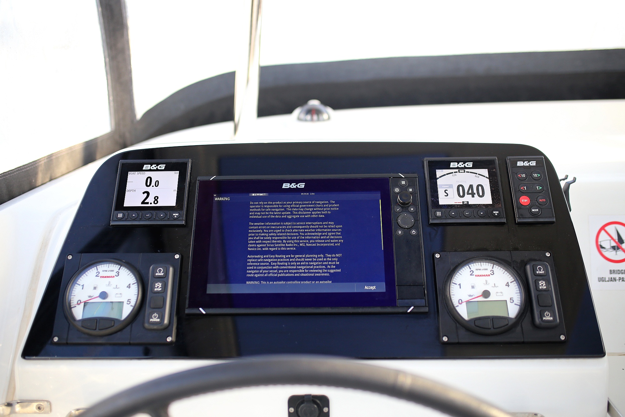 | Outside | 220 V Landstromkabel mit Ladegerät, Badeplattform, Biminitop, Cockpitdusche, Cockpitpolster, elektr. Ankerwinsch, Fender, Gangway, Sprayhood |
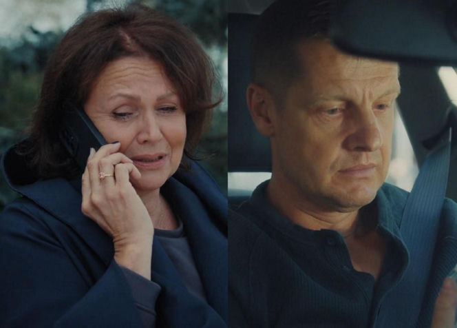 Małgorzata Pieńkowska jako Marysia Rogowska rozmawiająca przez telefon i Rafał Mroczek jako Paweł Zduński siedzący w samochodzie. Smutna Marysia, ubrana w granatowy płaszcz i szarą bluzkę, trzyma czarny telefon przy uchu. Ma na palcu pierścionek z różowym oczkiem. Paweł, również zasmucony, ma na sobie granatową koszulkę i zapięty pas bezpieczeństwa. Dowiedz się więcej o "Super Seriale".
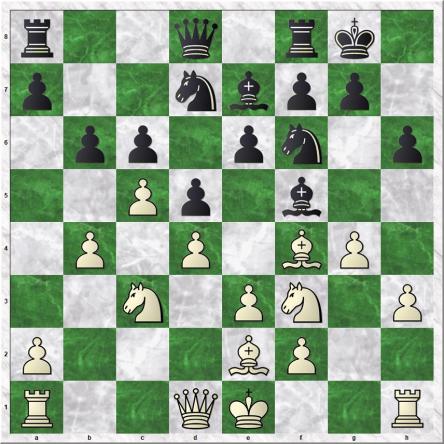 11…Pe4 12.Pxd5 exd5 13.gxf5 b5 14.Dc2 Lh4 15.Th2 Te8
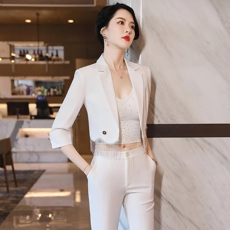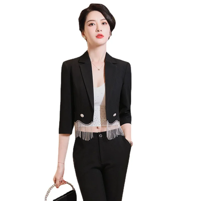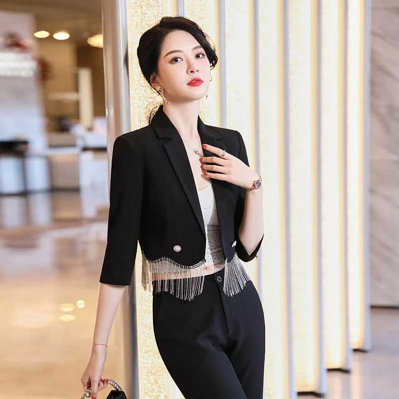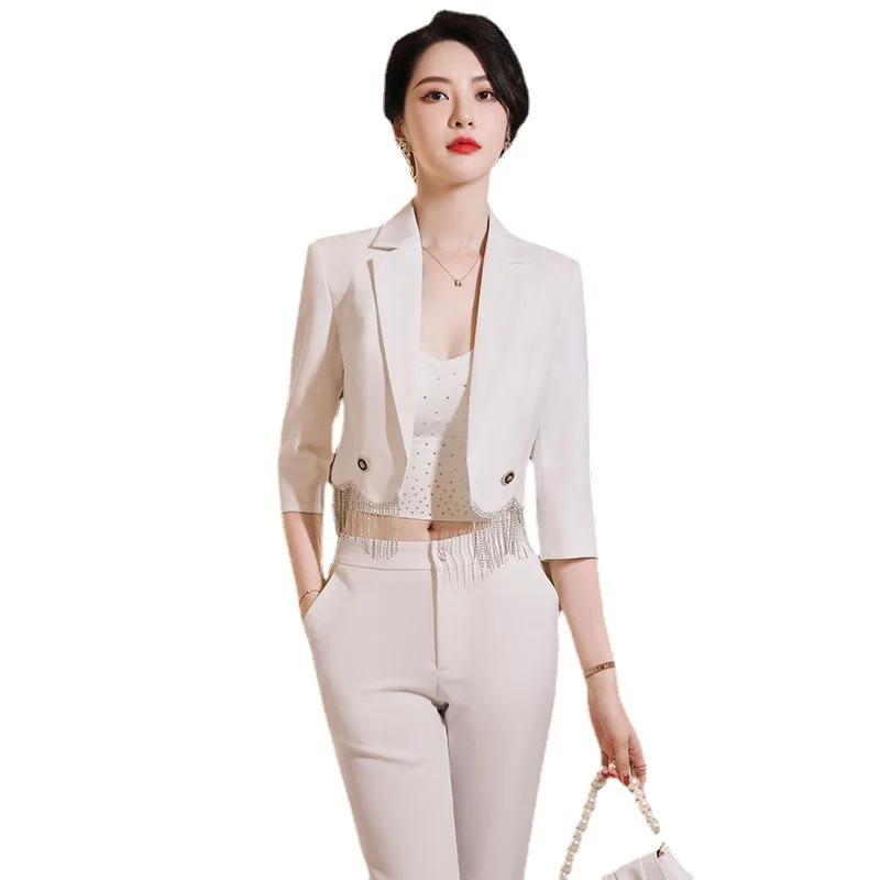 Wholesale OEM Half-sleeve 2 Pieces Business Suits Office Lady Short Slim Blazer And Trouser Interview Work Wear Sets
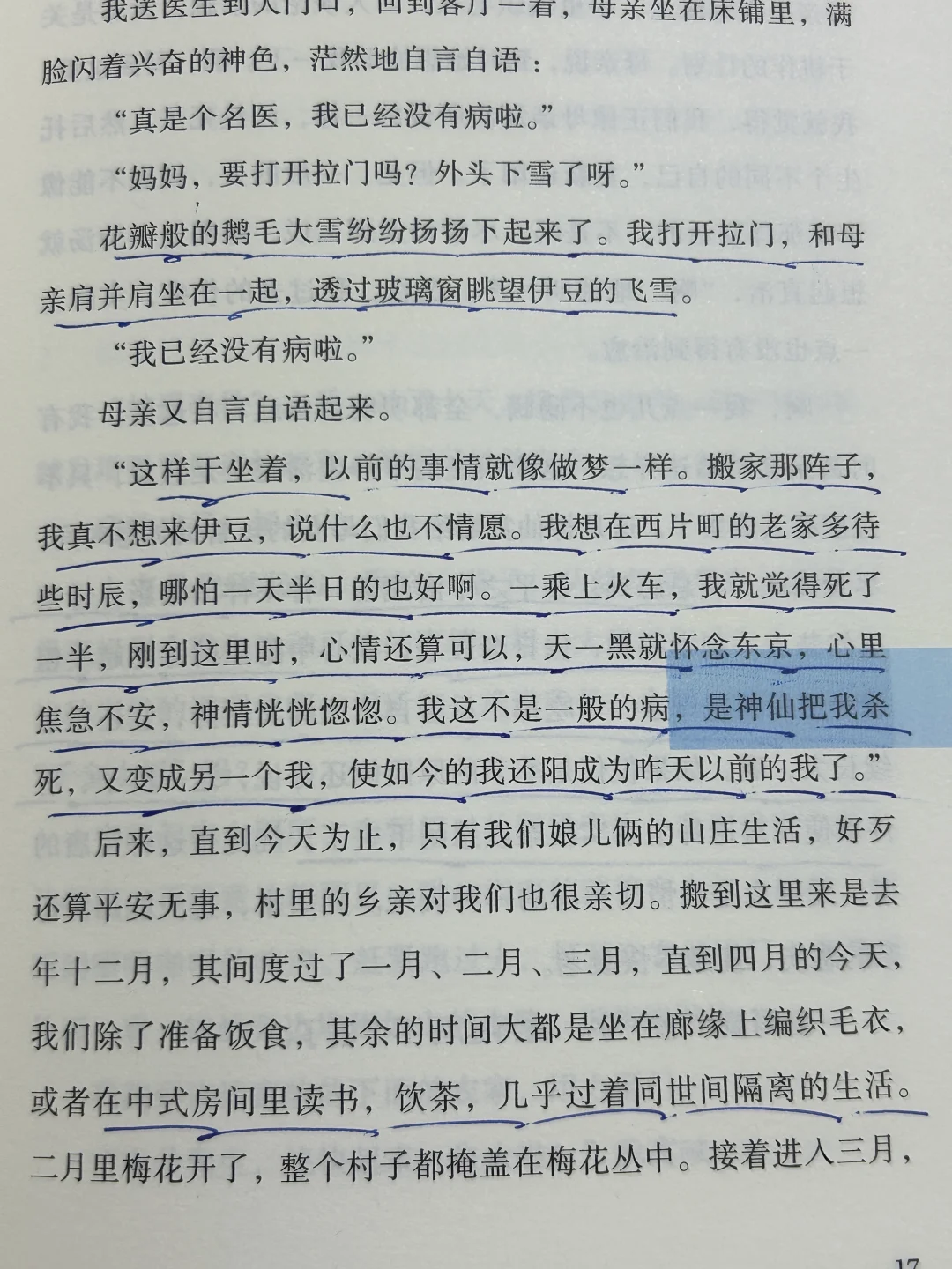 我喜欢他写母亲。她病弱,却坚持用小勺喝酱汤,怕出声失了体面;她看夕阳,说“太亮了,像烧尽的火”,一句话把时代的余烬说完。

□ □ □ □ □

Task: Copy every record exactly, without the pictures.

Reply to the task:
 | Outside | 220 V Landstromkabel mit Ladegerät, Badeplattform, Biminitop, Cockpitdusche, Cockpitpolster, elektr. Ankerwinsch, Fender, Gangway, Sprayhood |
 Małgorzata Pieńkowska jako Marysia Rogowska rozmawiająca przez telefon i Rafał Mroczek jako Paweł Zduński siedzący w samochodzie. Smutna Marysia, ubrana w granatowy płaszcz i szarą bluzkę, trzyma czarny telefon przy uchu. Ma na palcu pierścionek z różowym oczkiem. Paweł, również zasmucony, ma na sobie granatową koszulkę i zapięty pas bezpieczeństwa. Dowiedz się więcej o "Super Seriale".
 11…Pe4 12.Pxd5 exd5 13.gxf5 b5 14.Dc2 Lh4 15.Th2 Te8
 Wholesale OEM Half-sleeve 2 Pieces Business Suits Office Lady Short Slim Blazer And Trouser Interview Work Wear Sets
 我喜欢他写母亲。她病弱,却坚持用小勺喝酱汤,怕出声失了体面;她看夕阳,说“太亮了,像烧尽的火”,一句话把时代的余烬说完。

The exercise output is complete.